Sender: owner-linux-mm@kvack.org
Return-Path: <owner-linux-mm@kvack.org>
To: Hugh Dickins <hugh@veritas.com>
Cc: Andrew Morton <akpm@linux-foundation.org>, linux-kernel@vger.kernel.org, linux-mm@kvack.org, Andrea Arcangeli <andrea@suse.de>, Christoph Hellwig <hch@infradead.org>
List-ID: <linux-mm.kvack.org>

This is a multi-part message in MIME format.
--------------060404090201060607020705
Content-Type: text/plain; charset=us-ascii; format=flowed
Content-Transfer-Encoding: 7bit

Hugh Dickins wrote:
> On Wed, 2 May 2007, Nick Piggin wrote:

[snip]

> More on-topic, since you suggest doing more within vmtruncate_range
> than the filesystem: no, I'm afraid that's misdesigned, and I want
> to move almost all of it into the filesystem ->truncate_range.
> Because, if what vmtruncate_range is doing before it gets to the
> filesystem isn't to be just a waste of time, the filesystem needs
> to know what's going on in advance - just as notify_change warns
> the filesystem about a coming truncation.  But easier than inventing
> some new notification is to move it all into the filesystem, with
> unmap_mapping_range+truncate_inode_pages_range its library helpers.

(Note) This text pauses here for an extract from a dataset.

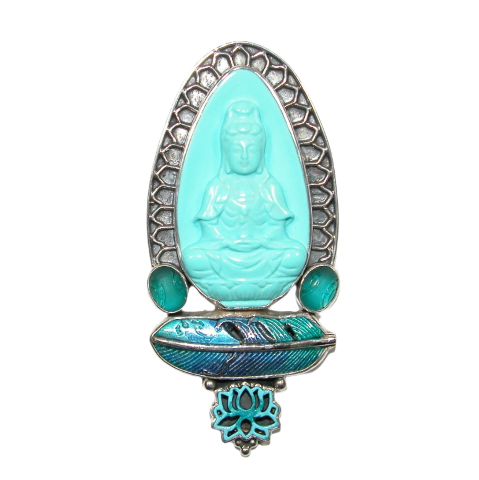 32786 Turquoise Carved Buddha, Celestial Quartz, Enamel Sterling Silver Pin and Pendant
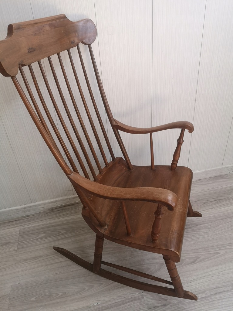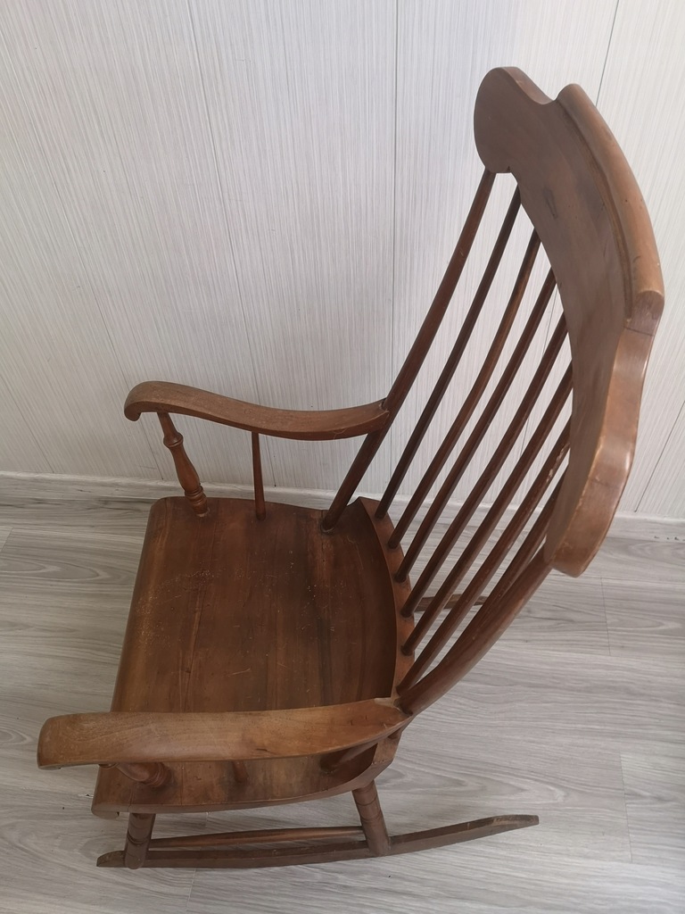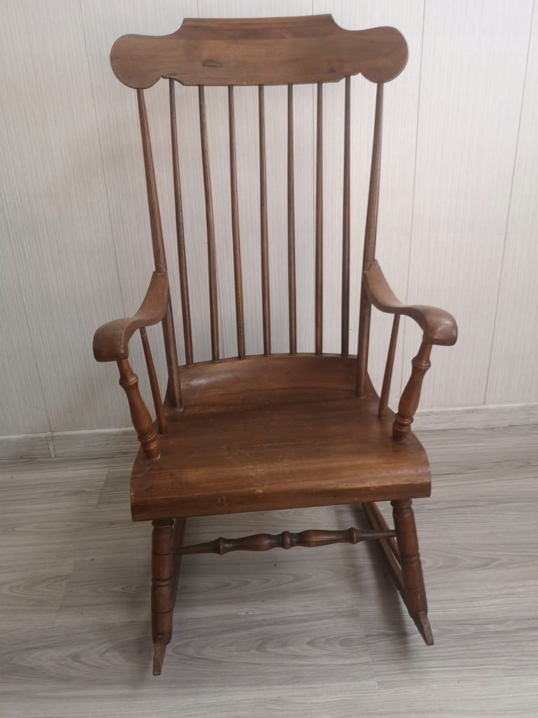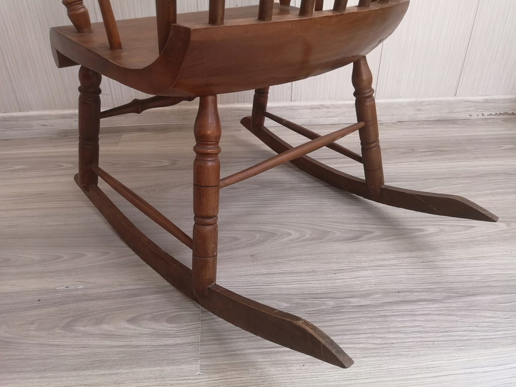 drewno w dobrym stanie, zadrapania, ryski, ubytek na podłokietniku w miejscu łączenia z oparciem ale bez wpływu na stabilność,

Well I would prefer it to follow the same pattern as regular
truncate. I don't think it is misdesigned to call the filesystem
_first_, but I think if you do that then the filesystem should
call the vm to prepare / finish truncate, rather than open code
calls to unmap itself.


>>>But I'm pretty sure (to use your words!) regular truncate was not racy
>>>before: I believe Andrea's sequence count was handling that case fine,
>>>without a second unmap_mapping_range.
>>
>>OK, I think you're right. I _think_ it should also be OK with the
>>lock_page version as well: we should not be able to have any pages
>>after the first unmap_mapping_range call, because of the i_size
>>write. So if we have no pages, there is nothing to 'cow' from.
> 
> 
> I'd be delighted if you can remove those later unmap_mapping_ranges.
> As I recall, the important thing for the copy pages is to be holding
> the page lock (or whatever other serialization) on the copied page
> still while the copy page is inserted into pagetable: that looks
> to be so in your __do_fault.

Yeah, I think my thought process went wrong on those... I'll
revisit.


>>>But it is a shame, and leaves me wondering what you gained with the
>>>page lock there.
>>>
>>>One thing gained is ease of understanding, and if your later patches
>>>build an edifice upon the knowledge of holding that page lock while
>>>faulting, I've no wish to undermine that foundation.
>>
>>It also fixes a bug, doesn't it? ;)
> 
> 
> Well, I'd come to think that perhaps the bugs would be solved by
> that second unmap_mapping_range alone, so the pagelock changes
> just a misleading diversion.
> 
> I'm not sure how I feel about that: calling unmap_mapping_range a
> second time feels such a cheat, but if (big if) it does solve the
> races, and the pagelock method is as expensive as your numbers
> now suggest...

Well aside from being terribly ugly, it means we can still drop
the dirty bit where we'd otherwise rather not, so I don't think
we can do that.

I think there may be some way we can do this without taking the
page lock, and I was going to look at it, but I think it is
quite neat to just lock the page...

I don't think performance is _that_ bad. On the P4 it is a couple
of % on the microbenchmarks. The G5 is worse, but even then I
don't think it is I'll try to improve that and get back to you.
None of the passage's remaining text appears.